Митя так кривлялся и морщился, что Кура рассердилась по-настоящему и применила самое строгое наказание школы имени Песталоцци: приказала ему выйти из класса.
Провожаемый завистливыми взглядами, Митя отправился во двор. Едва дождавшись перемены, Славик нашел его и набросился с расспросами.
– Какой ты быстрый! – проговорил Митя, сияя, как солнышко. – Вынь тебе да положь. Паровозик дашь?
– Дам, конечно!
– Насовсем?
– Насовсем, насовсем! Ты правда чего-нибудь придумал?
– А то нет. Я такое придумал, что она тебе все скажет. Безо всяких-яких. – Митя сделал безжалостно длинную паузу. – Тут секрет в чем? Секрет в том, что тебе она нипочем ничего не скажет.
– Я знаю. Ну?
– Она засомневается. Понял? Подумает: «Чего это Огурец повадился? Ходит и ходит. Наверное, какую-нибудь фамилию выведать хочет».
– Так я это и сам знаю, Митя! Какой ты странный! Если ничего не надумал, так и скажи…
– Как это так не надумал. Очень даже надумал.
– Что?
– А то. Надо, чтобы не ты ее спрашивал. Тебе не скажет.
– Знаешь, Митя, с тобой разговаривать – нужно ангельское терпение.

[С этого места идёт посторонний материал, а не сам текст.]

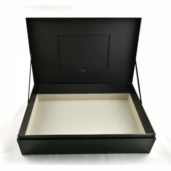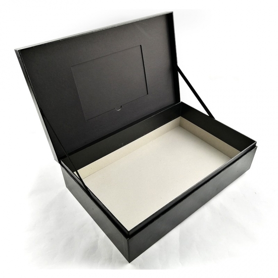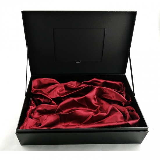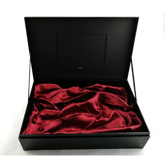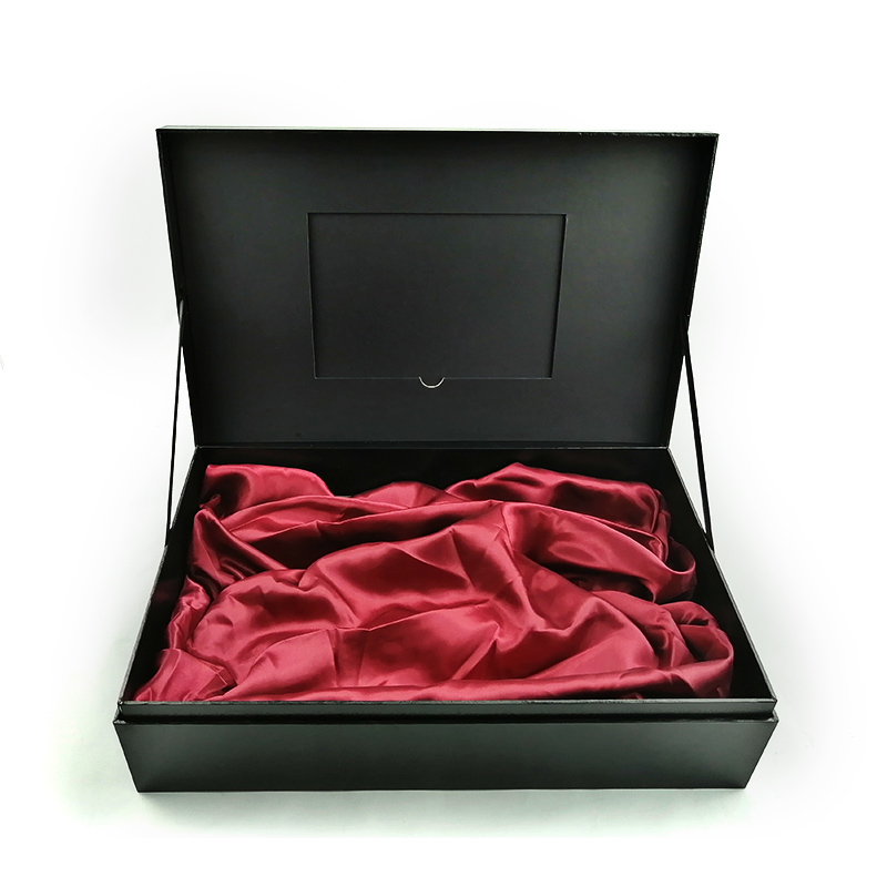Dies ist ein schwarze Clamshell-Geschenkbox was machte aus 157 g C2S-Kunstdruckpapier + 2 mm Graupappe, das Logo auf der Außenseite der Schachtel ist eine Silberfolienprägung, die die Schachtel hochwertiger und einzigartiger machen kann. Die Inneneinlage der Schachtel besteht aus hochwertigem Satin, der die Produkte in der Schachtel dekoriert.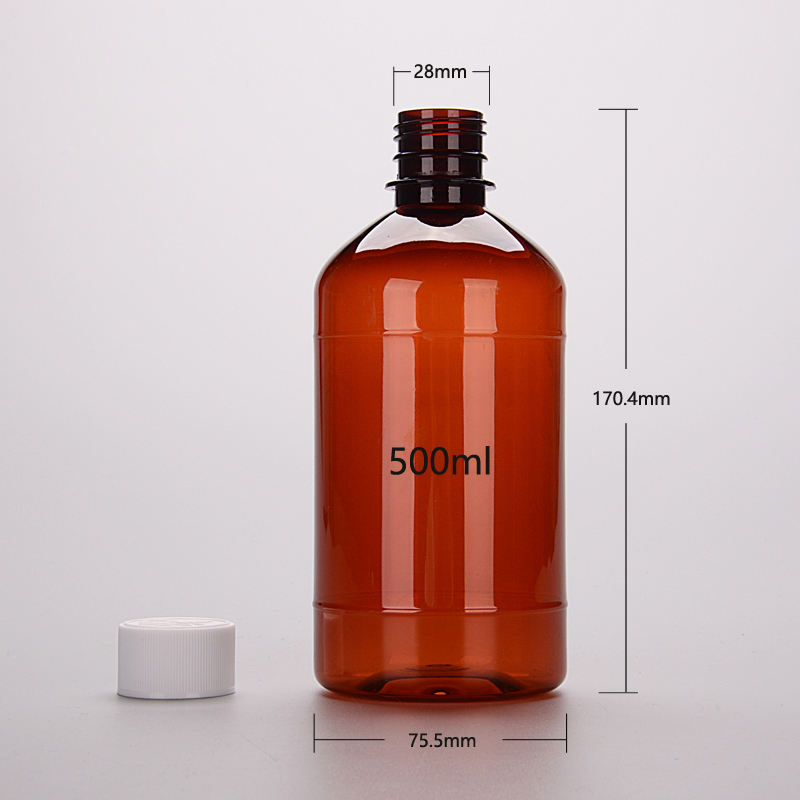 ขวดพลาสติก PET สีเหลืองอำพันขนาด 500 มล. พร้อมฝาเกลียว สำหรับบรรจุยาเหลวและน้ำยาสำหรับรับประทาน ขายส่งแบบ OEM

– Иди сюда! – Митя схватил Славика за руку выше локтя, оттащил к забору и сказал, таинственно оглянувшись:
– Надо на нее Клешню напустить.
– Кого?
– Клешню. Понял?
– Зачем еще Клешню? Что ты…
– Да она, если ты хочешь знать, на любой вопрос ему станет отвечать. Она ему в ноги кинется. Ты пойми: к ней не кто-нибудь явится, а Клешня. Отпетый бандит… Как девчонку-то звать?
– Лора, – торопливо подсказал Славик.
– Ну вот. Подходит к ней Клешня и требует: «А ну, предъяви мне мою сестренку Лору!» Куда ей деваться? Они эту Лору скорей всего выгнали в голодный год куда подальше, и она загнулась где-нибудь в степи с голодухи А тут брат родной требует. Это не шутка.
– А Клюкова скажет – в приют свезли, – возразил Славик, ликуя в душе от прекрасной выдумки.
– Ничего не знаю! – входя в роль, отвечал Митя. – Она у вас стояла? Стояла. Вы мне зубы не заговаривайте… Я вам не кто-нибудь. Я Клешня. Нос отрежу, а там будем разбираться. – Митя помолчал и значительно посмотрел на Славика. – Понял?
– Какой ты все-таки умный, Митя, – сказал Славик растроганно. – По-настоящему ведь я сам должен был вспомнить про Клешню, а ты догадался первый…
Перемена кончилась. Сторож позвонил на этажах, сошел во двор, позвонил во дворе, потом вышел через ворота на улицу, позвонил и там на обе стороны, а Митя и Славик, позабыв и про Куру, и про тигров с евфратами, обсуждали тонкости предстоящей операции.
– Только его надо предупредить, чтобы он ее по правде резать не стал, – сказал Славик.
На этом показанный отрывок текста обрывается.